Put Yourself in His Place eBook

This eBook from the Gutenberg Project consists of approximately 763 pages of information about Put Yourself in His Place.

Put Yourself in His Place eBook

This eBook from the Gutenberg Project consists of approximately 763 pages of information about Put Yourself in His Place.

He still plied the hammer, but in a dead-alive way.

He wrote a few cold lines to Mr. Jobson, to say that he thought it was time for a plain answer to be given to a business proposal.  But, as he had no great hope the reply would be favorable, he awaited it in a state bordering on apathy.  And so passed a miserable week.

And all this time she, for whose sake he denied himself the joy and consolation of her company, though his heart ached and pined for it, had hard thoughts of him, and vented them too to Jael Dence.

The young are so hasty in all their judgments.

While matters were in this condition, Henry found, one morning, two fresh panes of glass broken in his window.

In these hardware works the windows seldom or never open:  air is procured in all the rooms by the primitive method of breaking a pane here and a pane there; and the general effect is as unsightly as a human mouth where teeth and holes alternate.  The incident therefore was nothing, if it had occurred in any other room; but it was not a thing to pass over in this room, secured by a Bramah lock, the key of which was in Henry’s pocket:  the panes must have been broken from the outside.  It occurred to him directly that a stone had been thrown in with another threatening scrawl.

But, casting his eye all round, he saw nothing of the kind about.

Then, for a moment, a graver suspicion crossed his mind:  might not some detonating substance of a nature to explode when trodden upon, have been flung in?  Hillsborough excelled in deviltries of this kind.

Henry thought of his mother, and would not treat the matter lightly or unsuspiciously.  He stood still till he had lighted a lucifer match, and examined the floor of his room.  Nothing.

He lighted a candle, and examined all the premises.  Nothing.

But, when he brought his candle to the window, he made a discovery:  the window had two vertical iron uprights, about three-quarters of an inch in circumference:  and one of these revealed to his quick eye a bright horizontal line.  It had been sawed with a fine saw.

Apparently an attempt had been made to enter his room from outside.

The next question was, had that attempt succeeded.

He tried the bar; it was not quite cut through.

He locked the forge up directly, and went to his handling room.  There he remained till Mr.
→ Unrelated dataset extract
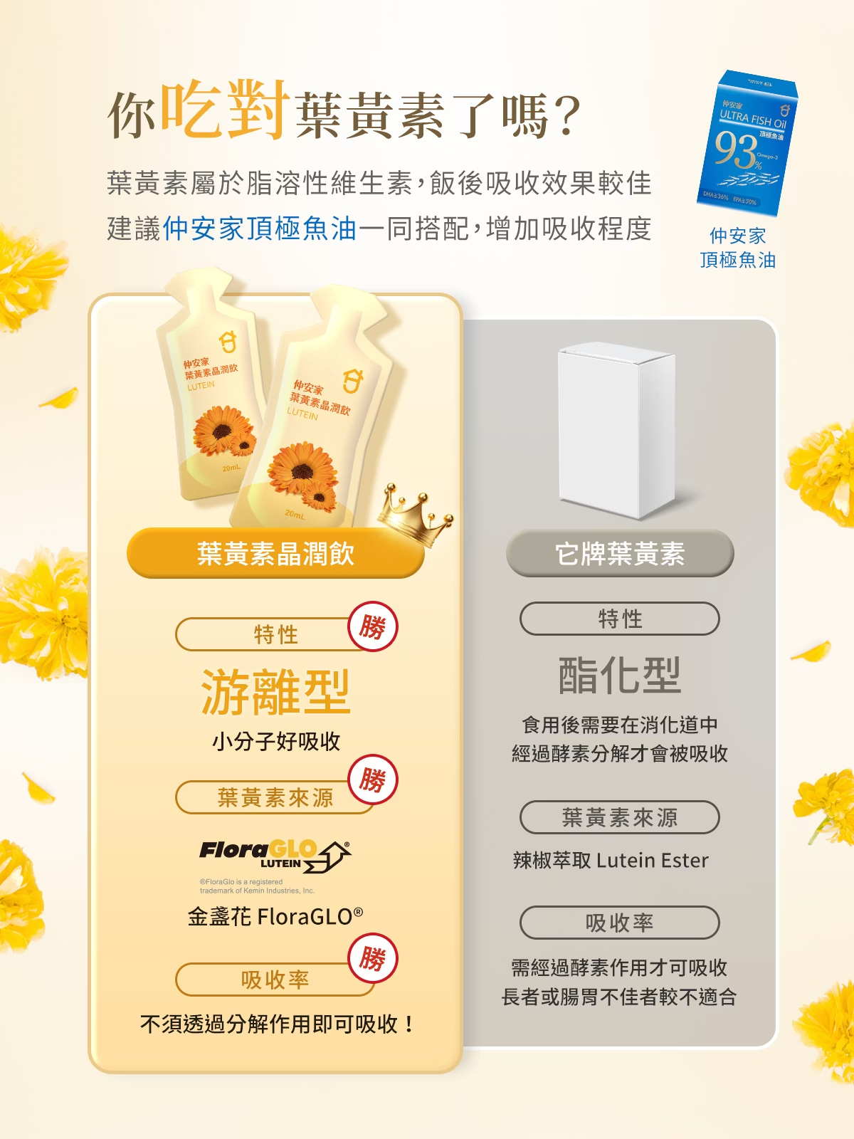 ⇨FloraGLO®游離型葉黃素,搭配仲安家頂級魚油吸收更好

Cheetham entered the works; then he went to him, and begged him to visit his forge.

Mr. Cheetham came directly, and examined the place carefully.

He negatived, at once, the notion that any Hillsborough hand had been unable to saw through a bar of that moderate thickness.  “No,” said he, “they were disturbed, or else some other idea struck them all of a sudden; or else they hadn’t given themselves time, and are coming again to-morrow.  I hope they are.  By six o’clock to-night, I’ll have a common wooden shutter hung with six good hinges on each side, easy to open at the center; only, across the center, I’ll fix a Waterloo cracker inside.”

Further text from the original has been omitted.